**Problem requirements**
Please print, exactly, only the lines in the entries below from the line that has "Paralegals enhance their" through the line that has "Gender ratio: 4 men-matching players". Pictures don't go in.

------ Given information

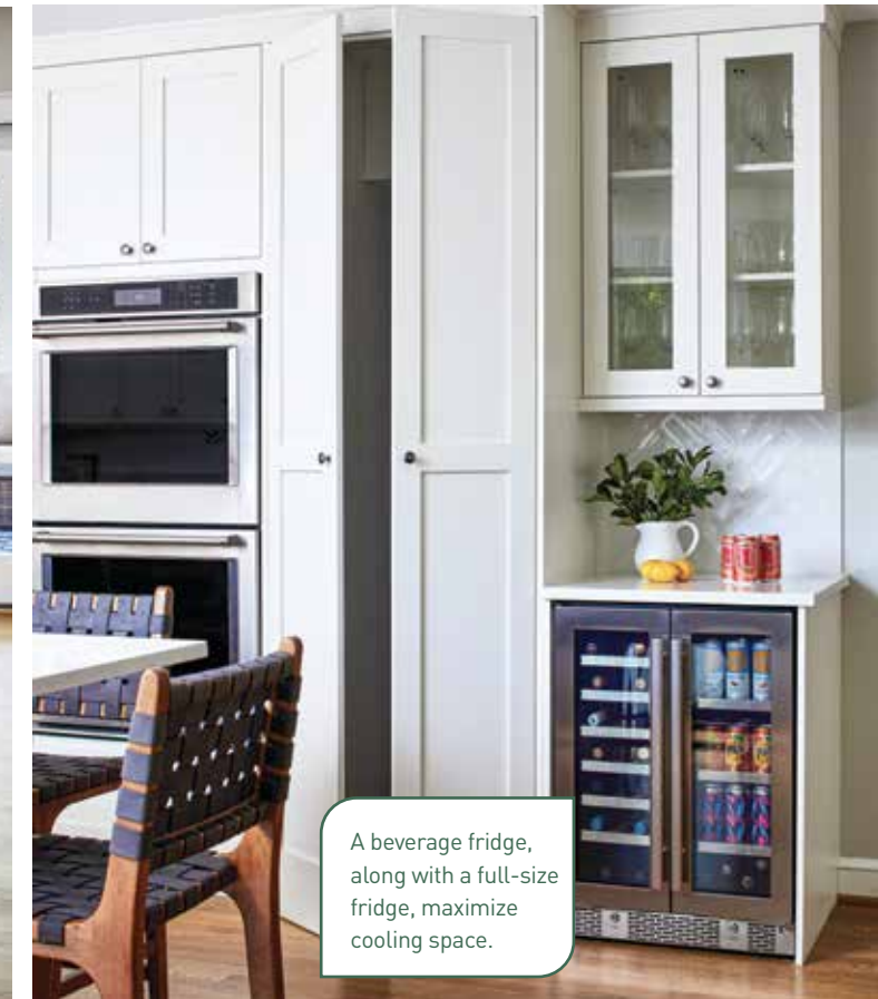
A beverage fridge, along with a full-size fridge, maximize cooling space.
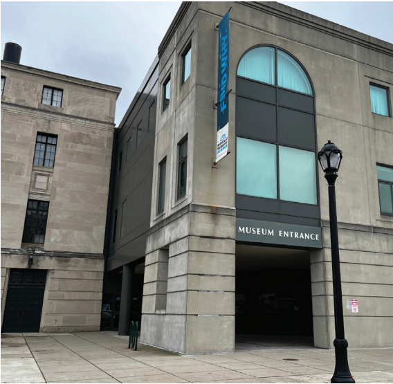
Buffalo Museum of Science 1020 Humboldt Parkway Buffalo, NY 14211-1208
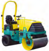
Single Drum Pedestrian (Diesel)
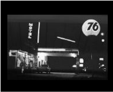
NIGHT AT THE 76 Ely, NV (1991)
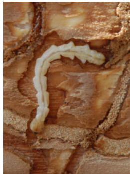
EAB larvae damage the vascular system of the tree as they feed, which interferes with movement of systemic insecticides in the tree.

greater than 15 inches at a rate that is twice as high (2× rate) as the rate used for smaller trees (1× rate). In an OSU study in Toledo conducted from 2006–2014, imidacloprid soil drenches effectively protected ash trees ranging from 15–22 inches in diameter when applied at the 1× rate in spring, or at the 2× rate when applied in either the spring or fall. These treatments were effective even during years of peak pest pressure when all of the untreated trees died. Trees treated in fall with the 1× rate, however, declined and had to be removed.
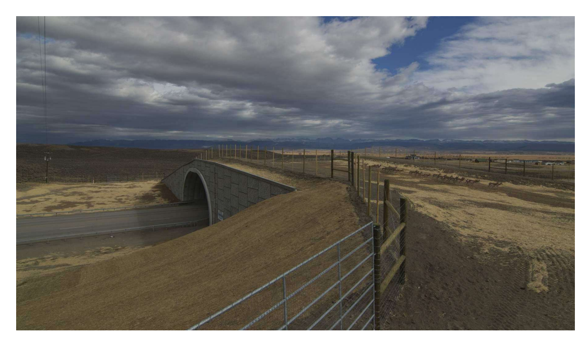
Wildlife bridge at Trappers Point, USA

According to a recent article published by the Pew Trusts, in the USA about 26,000 people are injured by wildlife-vehicle collisions every year, costing Americans more than $8 billion in vehicle repair, medical costs, towing, and other expenses. The average cost of a vehicle colliding with a moose exceeds $44,000 in 2018 dollars.
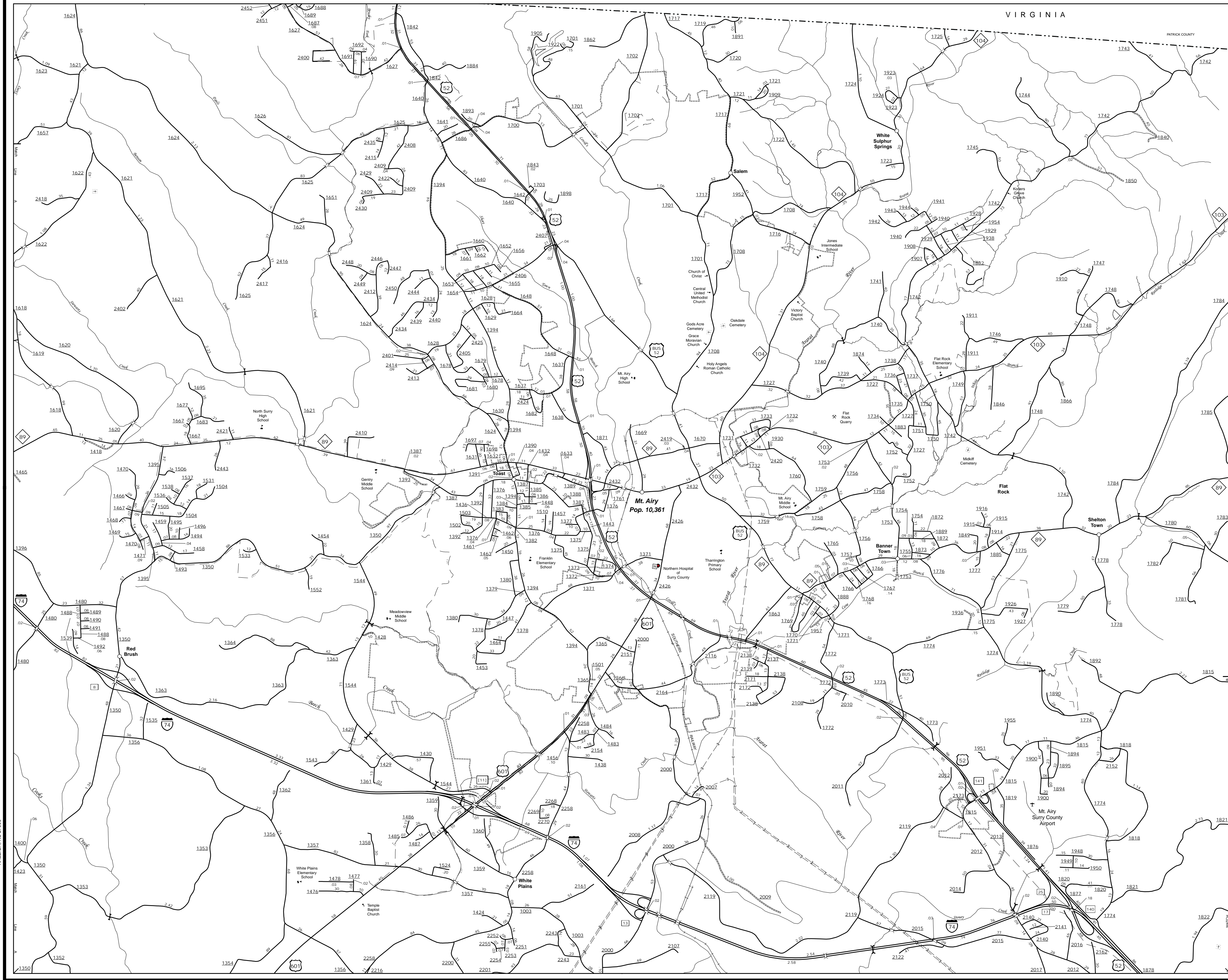
MT. Airy and Vicinity

COPIES OF THIS MAP ARE AVAILABLE FROM THE N.C. DEPARTMENT OF TRANSPORTATION ADDRESS: N.C. DEPARTMENT OF TRANSPORTATION MS&U - MAPPING SECTION 4809 BERTL RD. Raleigh, NC 27609
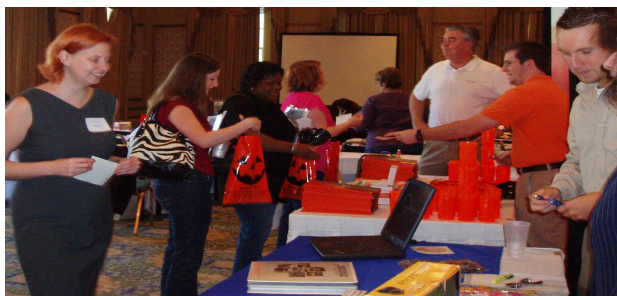
Paralegals enhance their careers by staying current with the latest information and technology available.

NOPA established longer breaks between sessions to allow time for paralegals to visit vendor booths. Vendors provide paralegals with the tools of their trade and also educate them regarding the latest state of the art technology in e-discovery and trial preparation. Seminar attendees are encouraged to network, exchange knowledge and discuss solutions with their fellow paralegals in order to improve job efficiency and performance.
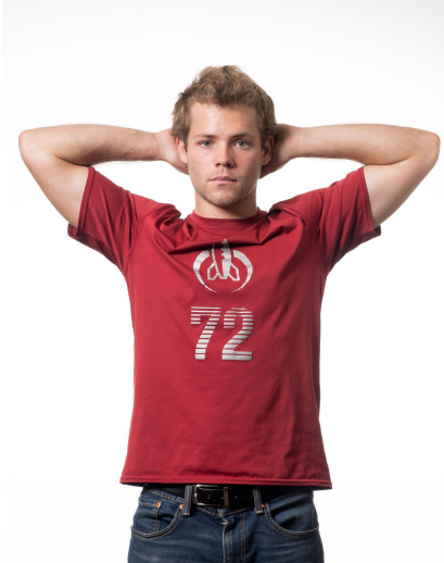
Gender ratio: 4 men-matching players
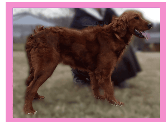
Sierra (Irish Setter/Golden Retriever)
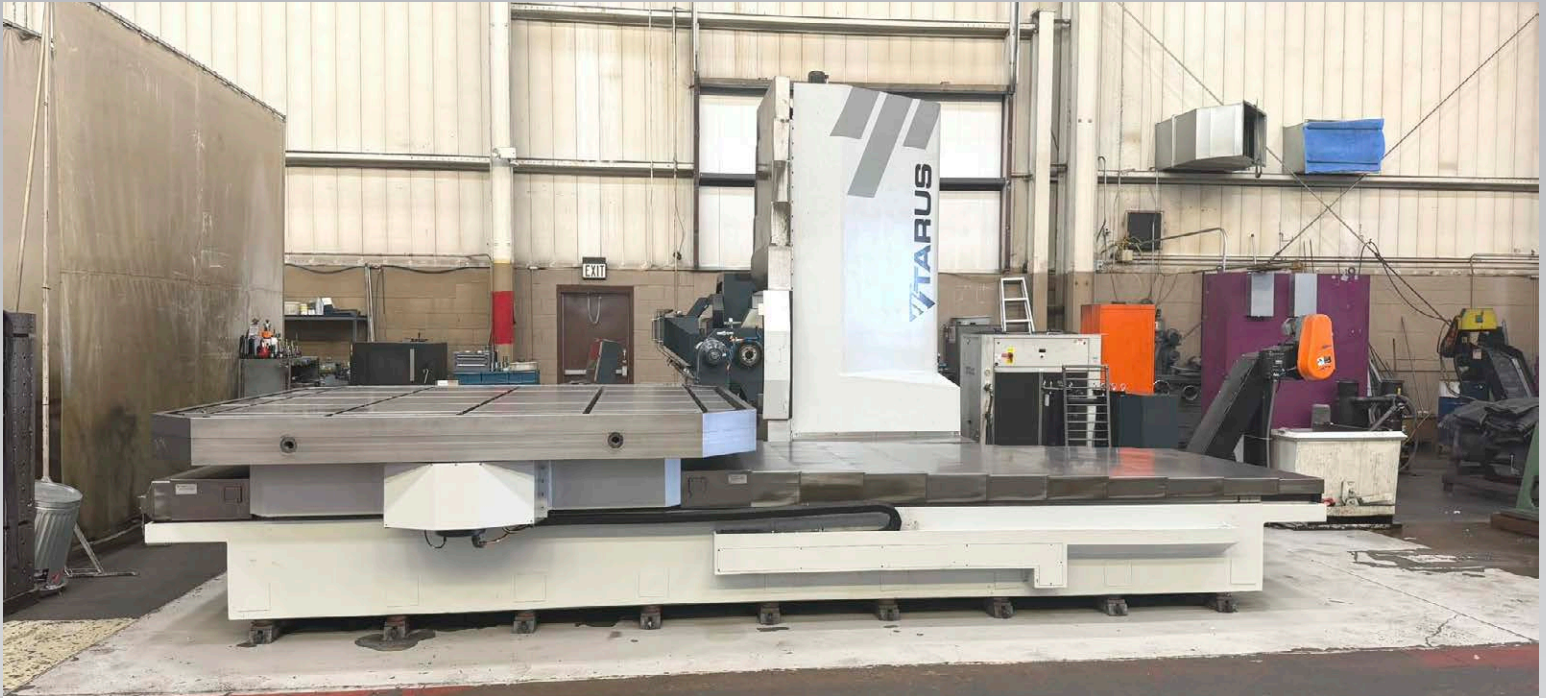
2017 Tarus GDTTC510-6XRT CNC Deephole Gun Drilling Machine
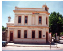
former bank of nsw beechworth front view 1995
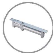
Concealed door closer
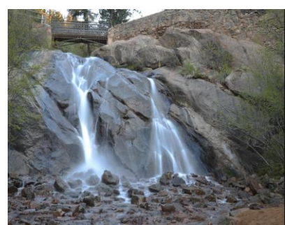
Garden of the Gods
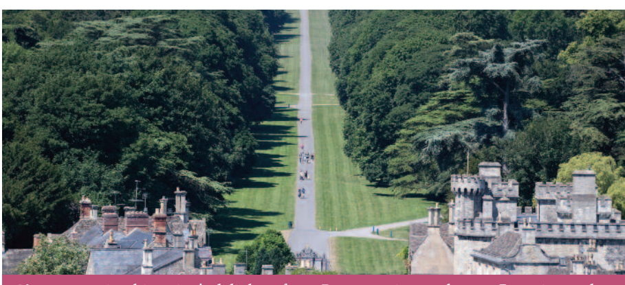
Cirencester is a historian's delight – from Roman ruins to elegant Georgian and Victorian buildings, its rich past is there to see – if you know where to look! Discover more at the award-winning Corinium Museum which, as well as having an amazing collection of Roman artefacts, traces the story of the town from prehistoric times to the modern day.
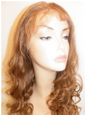
Indian Remy Custom Big Body Curl
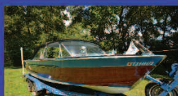
1965 Century Coronado full restoration
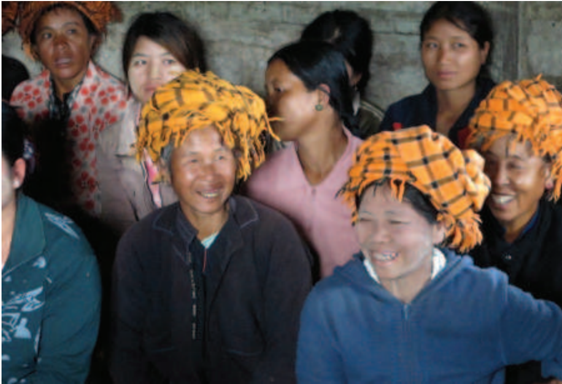
Pa-oh women actively participate in ECCD activities, Pinlaung Township

292. With the goal of offering children from ethnic and linguistic minorities all of the comprehensive ECCD services that are included in this ECCD Policy by 2018, priority will be placed on developing these services as rapidly as possible.
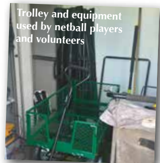
Trolley and equipment used by netball players and volunteers

We've even been able to use the trolley to move an injured player off the court as she needed to go

------------

**Reply to the exercise**
Paralegals enhance their careers by staying current with the latest information and technology available.

NOPA established longer breaks between sessions to allow time for paralegals to visit vendor booths. Vendors provide paralegals with the tools of their trade and also educate them regarding the latest state of the art technology in e-discovery and trial preparation. Seminar attendees are encouraged to network, exchange knowledge and discuss solutions with their fellow paralegals in order to improve job efficiency and performance.
Gender ratio: 4 men-matching players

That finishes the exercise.